The search for therapeutic antibodies

AlphaFold 3 also has the ability to predict antibody-protein binding, which can help researchers understand immune response and design new antibodies.

Antibodies are examples of therapeutic proteins that can be used to treat diseases like cancer. But discovering new ones by traditional means is an arduous task. With trillions of possible structures, finding the ones that effectively stick to a target of interest is like searching for a needle in a haystack, experts say.

“Finding new therapeutic antibodies is really sort of like panning for gold,” explains Derek Lowe, a veteran pharmaceutical researcher. “You have to check against incredible numbers of possibilities to find things that bind, and then you try to make them better and better.”

Taking advantage of AlphaFold 3’s ability to accurately model protein interactions, scientists can computationally screen vast numbers of potential candidates and identify the most promising ones for experimental validation. This computational prescreening could drastically reduce the time and effort required to discover new therapeutic proteins, expediting the development of treatments for cancer, contagious diseases, and other conditions for which these drugs have shown promise.

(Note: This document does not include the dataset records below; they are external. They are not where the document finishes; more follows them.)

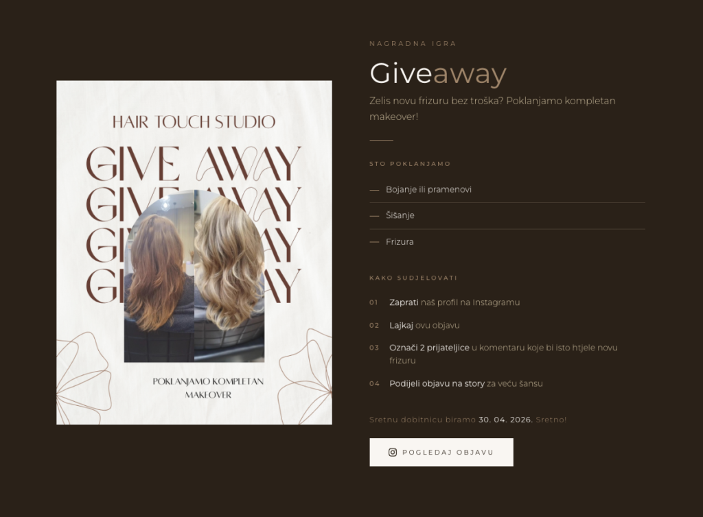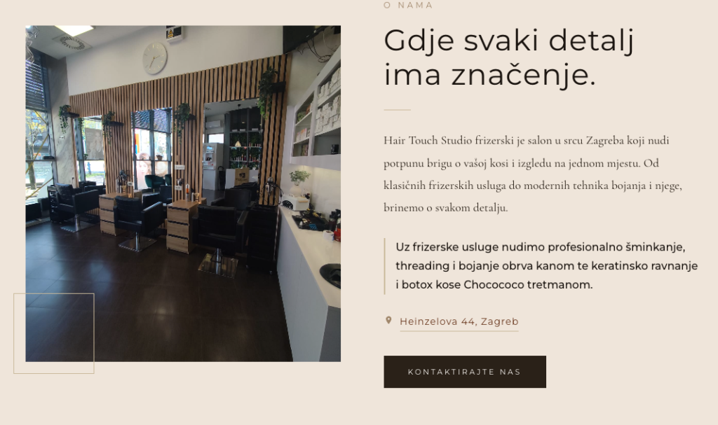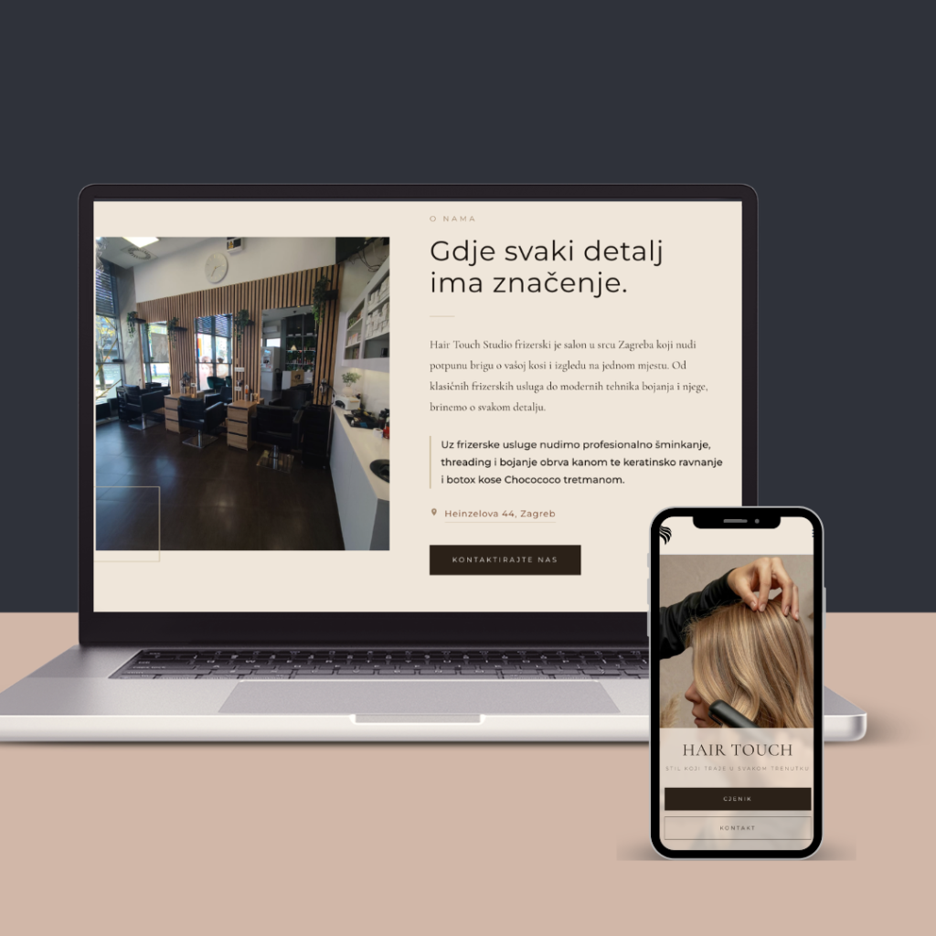 Za frizerski studio Hair Touch izrađena je moderna i pregledna web stranica u WordPressu, prilagođena identitetu salona i potrebama klijentela. Cijeli vizual stranice prati tople bež i smeđe tonove, čime je stvoren elegantan i profinjen izgled koji odgovara estetici brenda i uslugama koje salon nudi.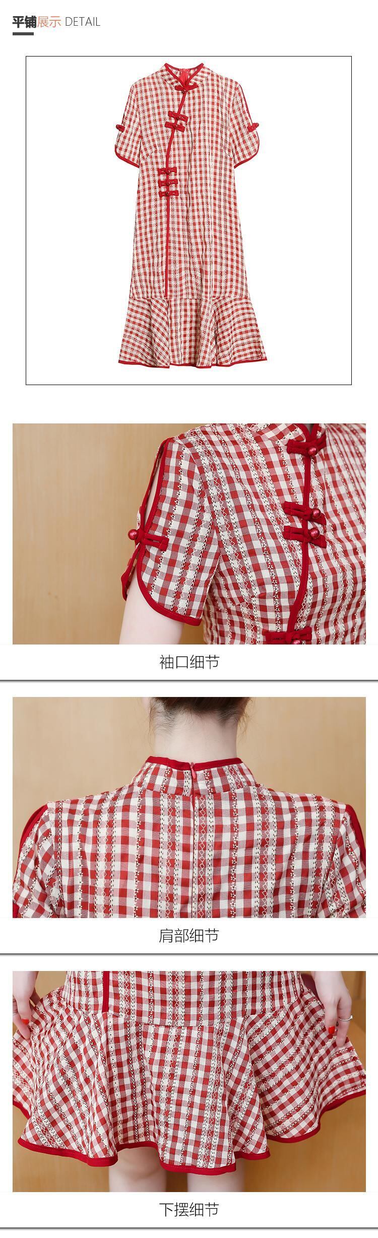 夏の中国風のミニドレス女性半袖チェック柄プリントスタンドカラーフリル現代チャイナドレス女性 ショート ハーフスリーブ ラッフル サマー 夏物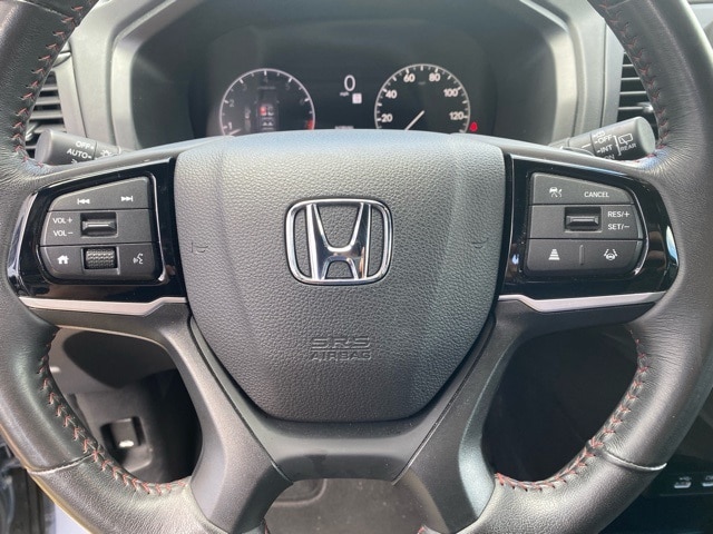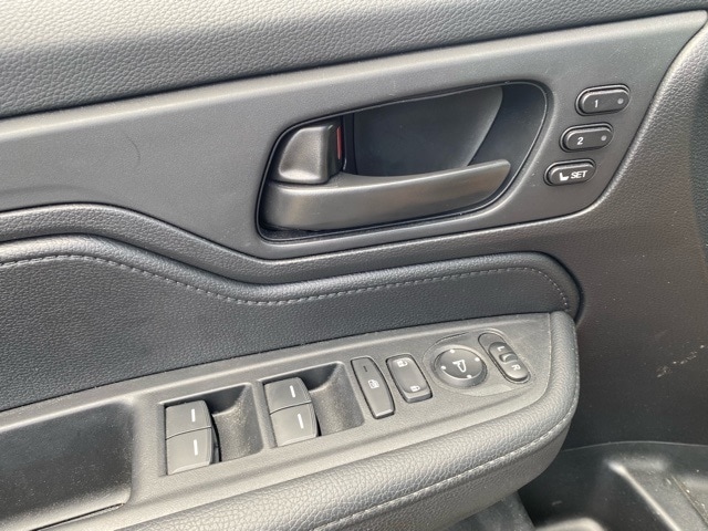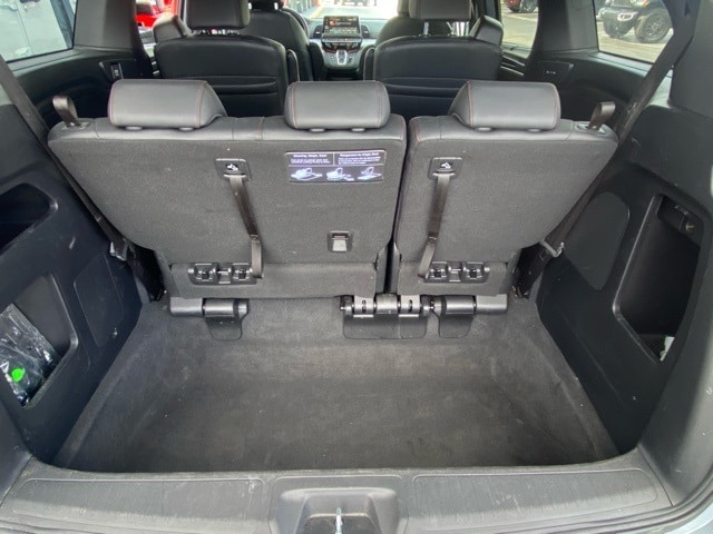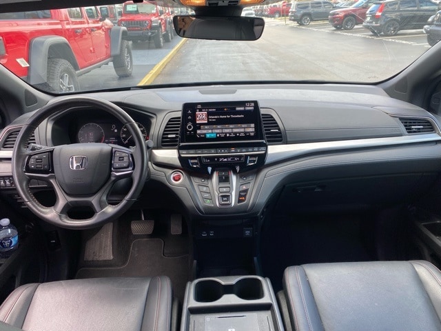This Odyssey is well equipped with 3rd row seats: split-bench, 4-Wheel Disc Brakes, 7 Speakers, ABS brakes, Adaptive Cruise Control: Adaptive Cruise Control (ACC) with Low-Speed Follow, Air Conditioning, Alloy wheels, AM/FM radio: SiriusXM, Anti-whiplash front head restraints, Apple CarPlay/Android Auto, Auto High-beam Headlights, Auto-dimming Rear-View mirror, Automatic temperature control, Blind Spot Information (BSI) System warning, Brake assist, Bumpers: body-color, Delay-off headlights, Driver door bin, Driver vanity mirror, Driver's Seat Mounted Armrest, Dual front impact airbags, Dual front side impact airbags, Electronic Stability Control, Exterior Parking Camera Rear, Four wheel independent suspension, Front anti-roll bar, Front Bucket Seats, Front dual zone A/C, Front fog lights, Front reading lights, Fully automatic headlights, Garage door transmitter: HomeLink, Heated door mirrors, Heated Front Bucket Seats, Heated front seats, Illuminated entry, Knee airbag, Lane departure: Lane Keeping Assist System (LKAS) active, Leather steering wheel, Leather Trimmed Seats, Low tire pressure warning, Memory seat, Occupant sensing airbag, Outside temperature display, Overhead airbag, Overhead console, Panic alarm, Passenger door bin, Passenger seat mounted armrest, Passenger vanity mirror, Power door mirrors, Power driver seat, Power Liftgate, Power moonroof, Power passenger seat, Power steering, Power windows, Radio data system, Radio: 160-Watt AM/FM/HD/SiriusXM Audio System, Rear air conditioning, Rear anti-roll bar, Rear reading lights, Rear seat center armrest, Rear window defroster, Rear window wiper, Reclining 3rd row seat, Remote keyless entry, Security system, Speed control, Speed-sensing steering, Speed-Sensitive Wipers, Split folding rear seat, Spoiler, Steering wheel mounted audio controls, Tachometer, Telescoping steering wheel, Tilt steering wheel, Traction control, Trip computer, Turn signal indicator mirrors, Variably intermittent wipers, and Wheels: 19" Gloss Black Alloy.
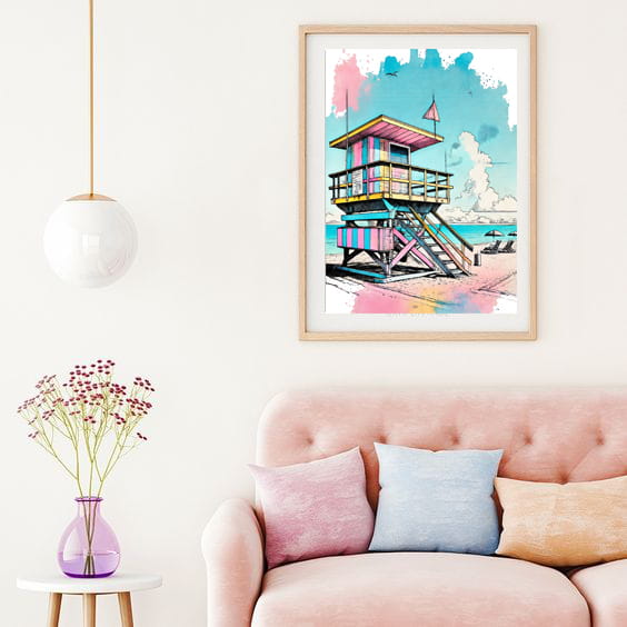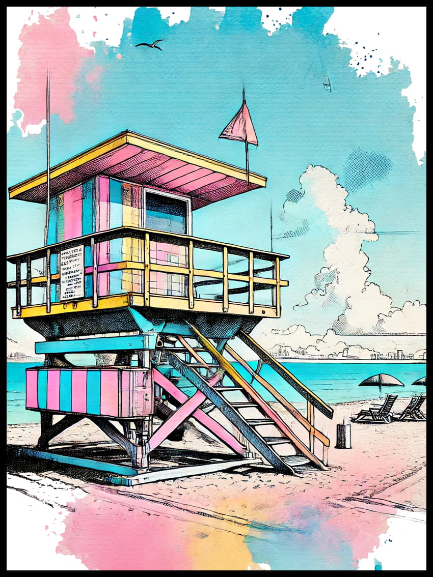 Odkryj magię plaży w Miami z naszym najnowszym akwarelowym plakatem, który jest mistrzostwem subtelności i żywiołowości, wprowadzającym w przestrzeń domową atmosferę wiecznego lata.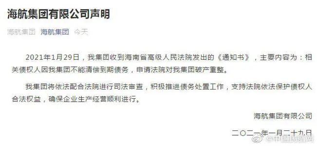一、海航真的進(jìn)入破產(chǎn)程序了嗎?
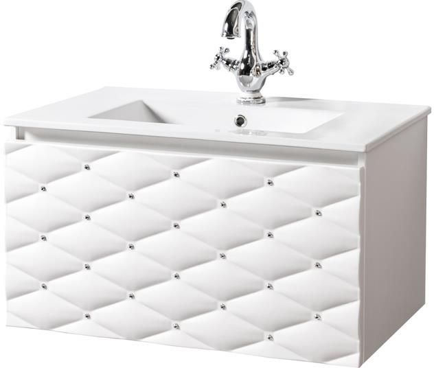 WYMIARY : szeroko : 80 cmwysoko : 44 cmgeboko : 46 cm Front z oryginalnymi krysztakami Swarovskiego. Cena dotyczny szafki bez umywalki Szafka do kompletowania z umywalkami ceramicznymi CORNELIA80 iUMW 80 firmy SANITTI. Kolekcja Sanitti Lira to propozycja do wyrafinowanych wntrz. Prost, nowoczesn bry poczono z unikalnymi, geometrycznymi frontami, ktre mog by ozdobione oryginalnymi krysztaami Swarovskiego. Efekt uzyskany jest poprzez technologi jednolitego odlewu i dlatego bdzie lekki i trway. Meble zostay wykonane z materiaw odpornych na wilgo i wysok temperatur, a wykoczenie o wysokim poysku doskonale wpisuje si w trendy minimalistyczne. W szafkach i szufladach zastosowano system cichego domykania, ktry poprawia komfort uytkowania.To pereka wrd mebli azienkowych, przykuwa uwag i intryguje.

Shedding light on neglected diseases

AlphaFold is already generating optimism among those investigating overlooked illnesses. The Drugs for Neglected Diseases initiative (DNDi) has been using AlphaFold for years as a means to hasten the discovery of new treatments for two deadly parasitic diseases, Chagas disease and leishmaniasis, which affect tens of millions of people worldwide.

“AlphaFold 2 has been an immensely useful tool for us, but to turn protein structures into drugs is a journey, and to make progress in that journey, you need to be able to think about how those proteins interact with other molecules,” says Dr. Charles Mowbray, DNDi’s discovery director. “AlphaFold 3 offers huge possibilities in this vital next step. It can predict not just the structures, but also the interactions, taking us a vital step further in the drug discovery process.”

A tool, not a replacement

With such powerful AI tools emerging, some wonder what this means for the role of scientists. But as Lowe observed, the scientific community is more excited than worried. “We’re very happy about this technology because we have so many problems to deal with,” Lowe says. “The drug discovery and development process is so long, with so many twists and turns, that we welcome anything that could speed elements of it up or give us some insights.” Ultimately, while AI and AlphaFold are undeniably important parts of the drug discovery process, they are just that—parts. Structure prediction is a single piece of the puzzle, albeit a crucial one, that can help accelerate the development of essential medications for those who need them most.

“Leading the AlphaFold team has been the opportunity of a lifetime, but what I’m most excited for will be seeing scientists use AlphaFold to understand a disease and transform patients’ lives,” Jumper says. “I can’t wait to see that day.”